OpenSSL includes CA.pl, a Perl script to automate these tasks; it’s effective but not perfect. Dissatisfied with CA.pl and manual procedures, I have produced two simple scripts, cert.command to create and sign new certificates, and sign.command to sign existing certificates. Using either of these scripts, I provide the host name twice, enter the root key’s passphrase, and hit Return a bunch of times; the rest is automated.

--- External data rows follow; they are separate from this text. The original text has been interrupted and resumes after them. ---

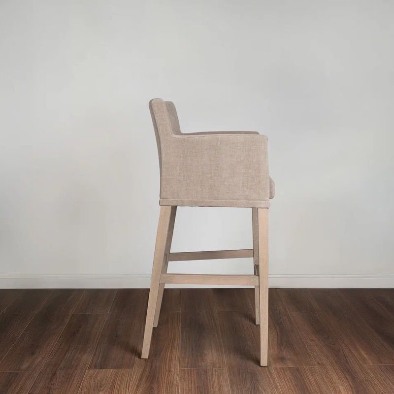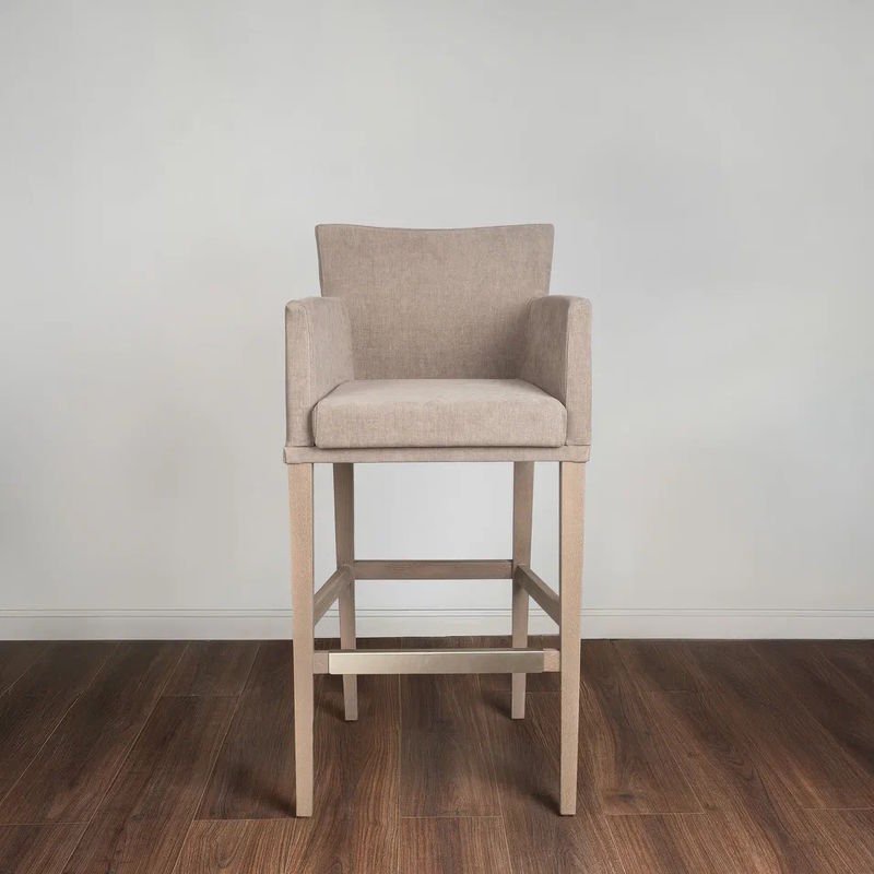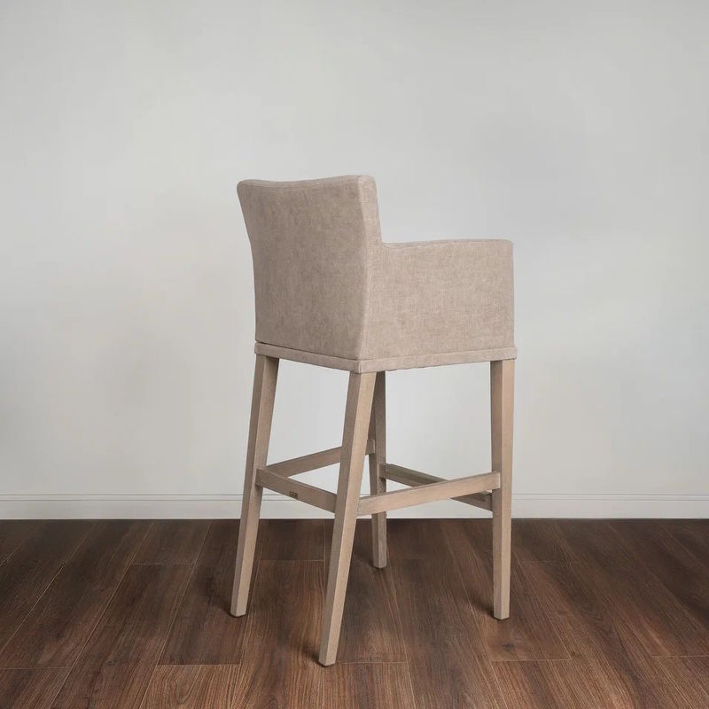 Барный стул на основании из массива бука с металлическим декорированием латунью выполнен в современном стиле. Отлично дополнит интерьер гостиной комнаты или столовой.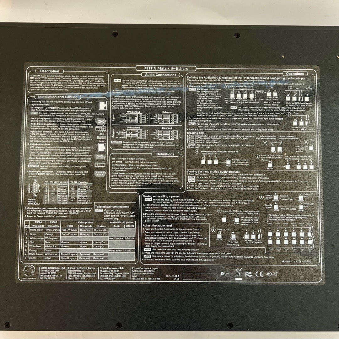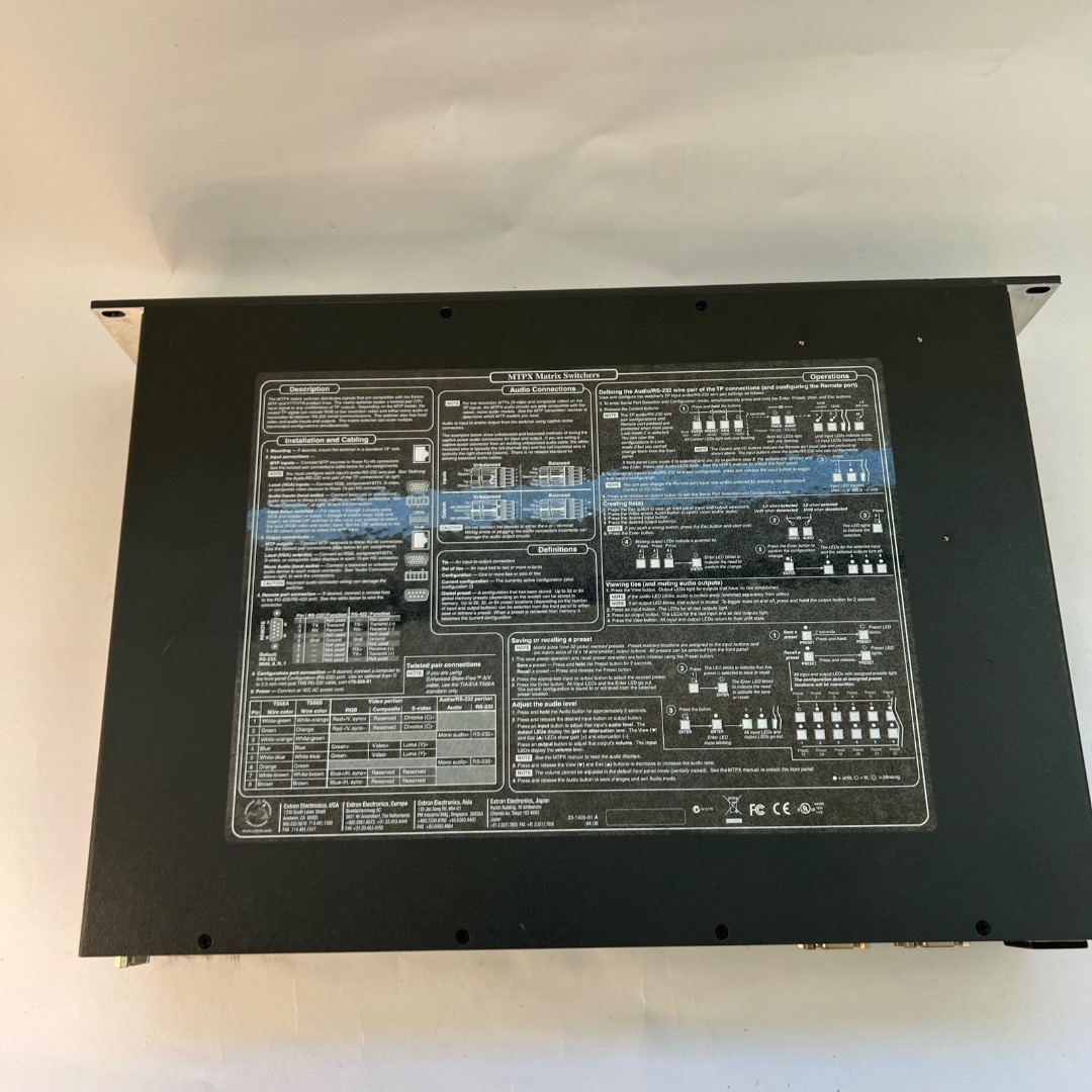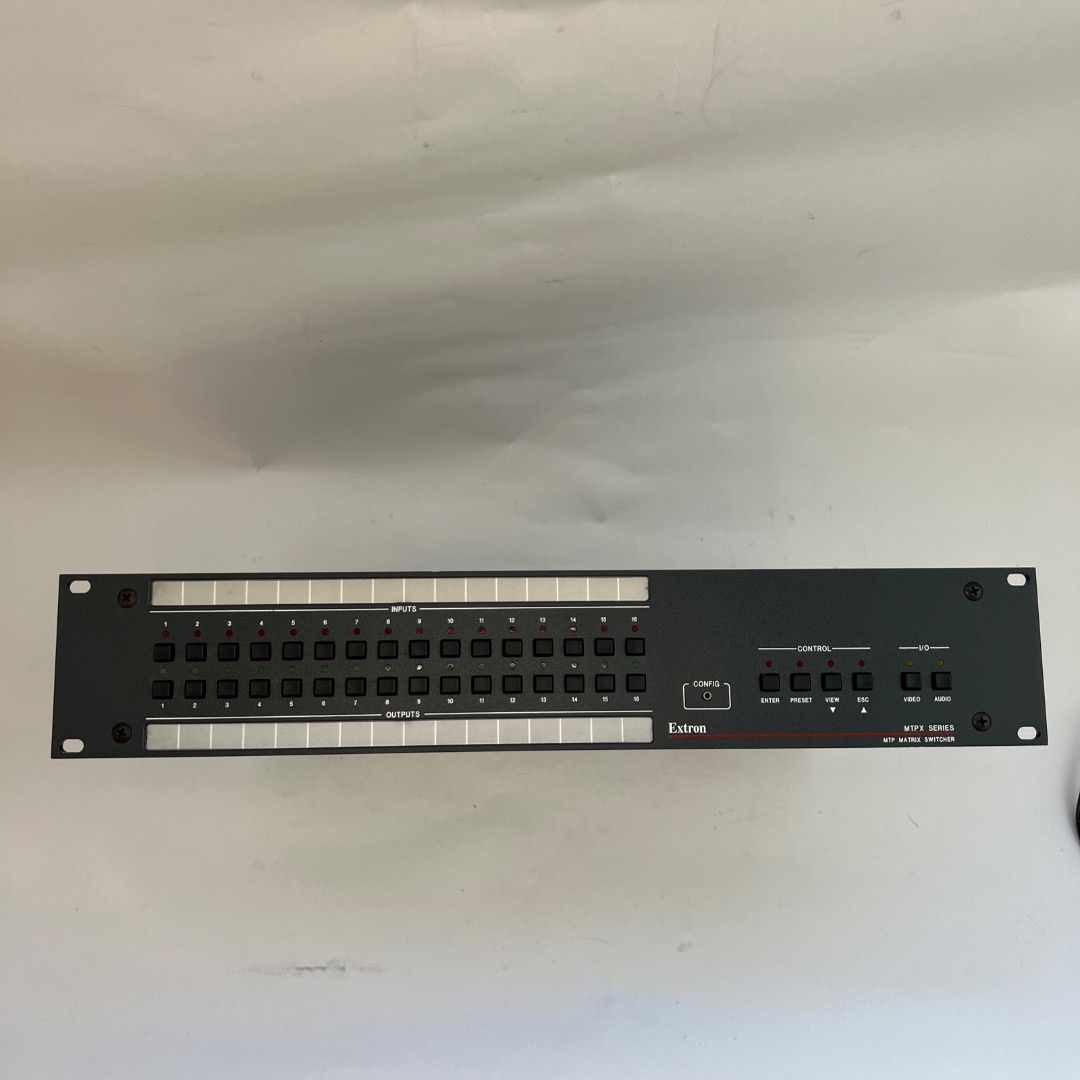 Hello everyone, the Extron MTP 168 matrix switcher is in very good used condition (see pictures). Unfortunately, the original packaging and manufacturer's manual are not included. A power cable is included. You can find more information on the manufacturer's website.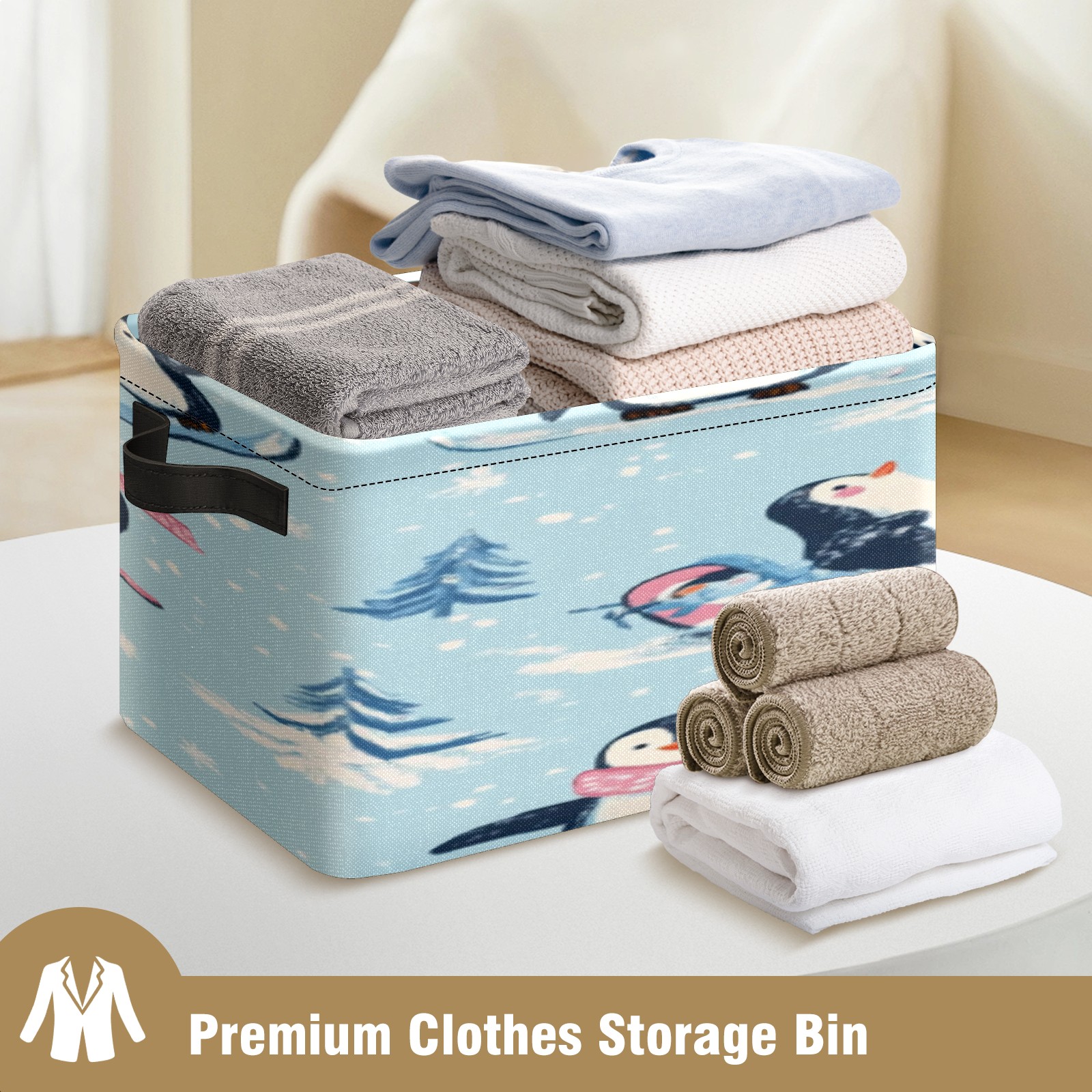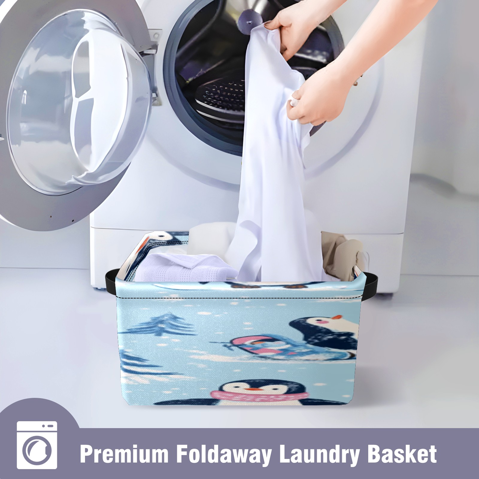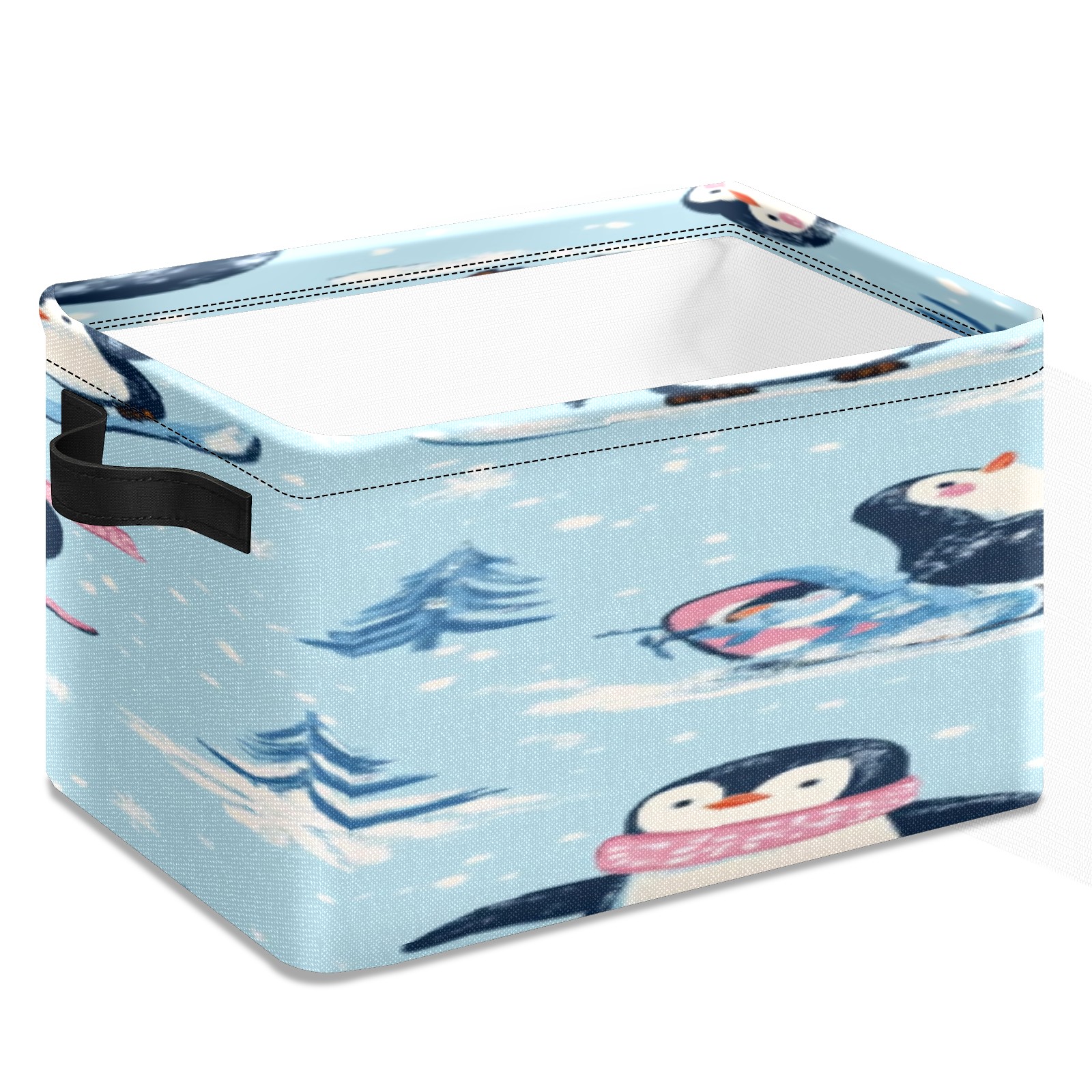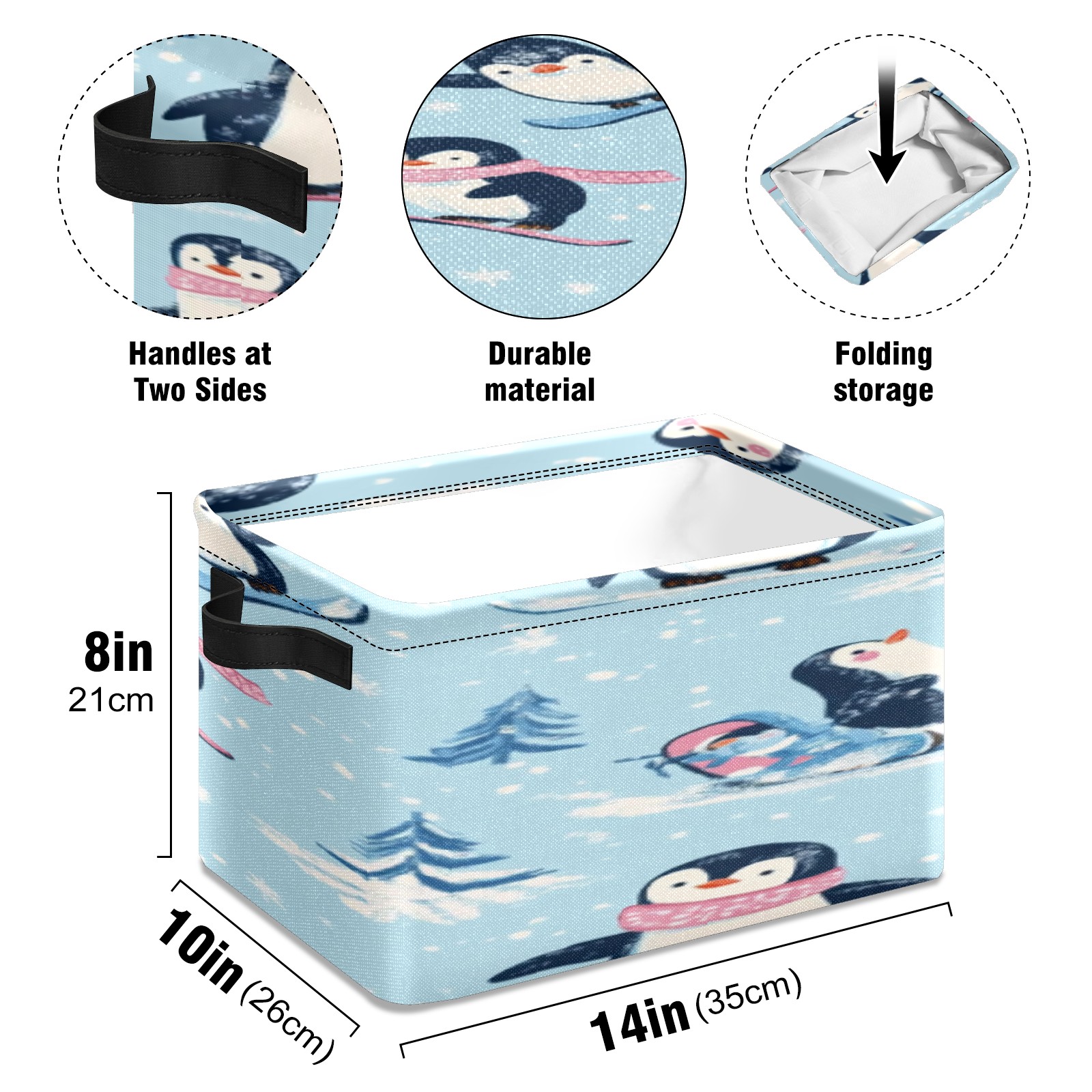 Foldable and Stackable Fabric Storage Basket for Home Organization with Handles, Decorative Closet Bins for Shelves, Laundry, and Toy Storage( Playful Penguins)

Secure in My Conclusions — SSL/TLS is by no means the only way to secure Web and email communications on the Internet, but it does yeoman service every day for millions of people, protecting credit card numbers, online banking sessions, email, and more. For normal users, seeing the lock icon and “https” in URLs provides confidence that SSL/TLS is keeping us safe. For admins, although the technology behind SSL/TLS definitely falls into the realm of cryptography (the software equivalent of rocket science), the cost and effort of implementation are well within the means of anyone capable of running a Web server.

[Chris Pepper is a Unix System Administrator in New York City. He’s still amused that Mac OS X has turned out to be such a great management workstation for the Unix systems he works with. Chris’s invisible signature block reads “Editing the Web, one page at a time.” After banging his head against the issues discussed in this article, Chris has written an additional article on how to use OpenSSL’s CA.pl script (included with Mac OS X) to manage SSL/TLS certificates. He has also developed a pair of double-clickable scripts to help run a private CA.]